Constant declarations
July 10, 2023
I’m live streaming again! You’ll probably read this after the fact, but if not, come join me live, or catch the replay! I’ll be building a real-world linter from scratch, picking up from the tutorial I did 2 weeks ago.
If you’ve been reading me for a while, you’ll recall we’ve already talked about constants in Go. However, we’ve done it in a slightly more abstract sense; constant literals, and they’re types.
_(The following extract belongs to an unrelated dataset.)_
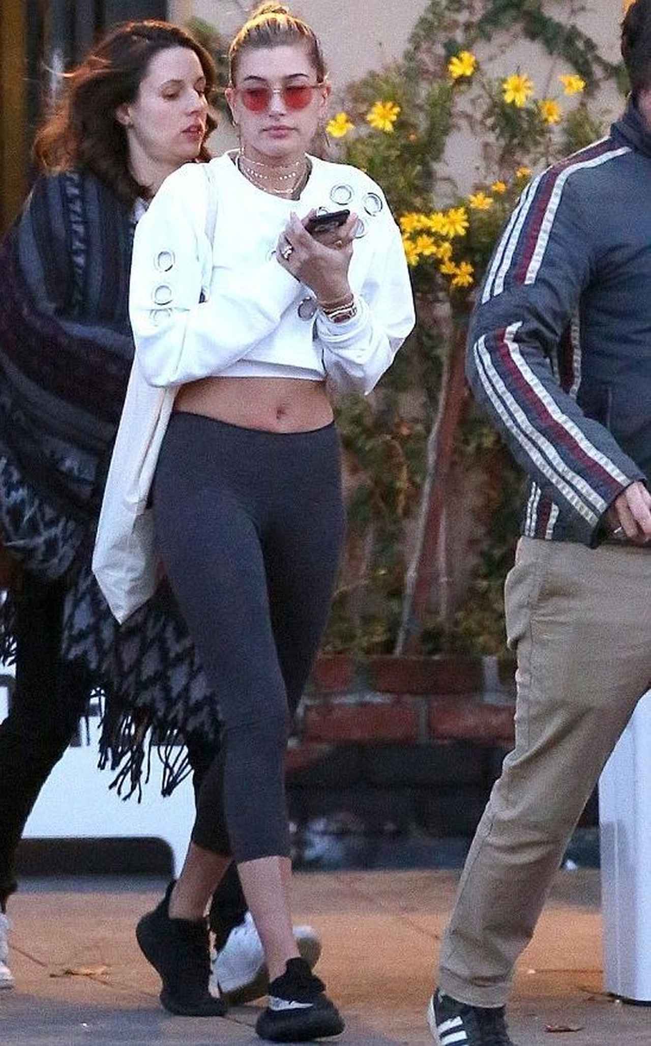 ストリートライクなカジュアルスタイルが得意なヘイリーは、クロップト丈のスウェットとレギンスのアスレジャーなスタイルに、Adidas Yeezy Boost 350 V2 のスニーカーをセット。こちらも世界各地で即完を記録したスニーカー!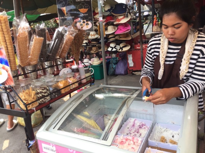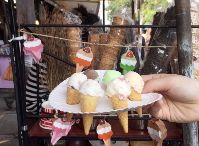 タイ雑貨や、洋服、バッグ、アクセサリー、古着、水着、お菓子、さらにペットまで売られています。屋台も沢山あり、美味しいタイ料理、フレッシュなスムージー、アイスなどもあります。

Here we’re finally to the discussion of declaring named constants:
Constant declarations
A constant declaration binds a list of identifiers (the names of the constants) to the values of a list of constant expressions. The number of identifiers must be equal to the number of expressions, and the _n_th identifier on the left is bound to the value of the nth expression on the right.
ConstDecl = "const" ( ConstSpec | "(" { ConstSpec ";" } ")" ) . ConstSpec = IdentifierList [ [ Type ] "=" ExpressionList ] . IdentifierList = identifier { "," identifier } . ExpressionList = Expression { "," Expression } .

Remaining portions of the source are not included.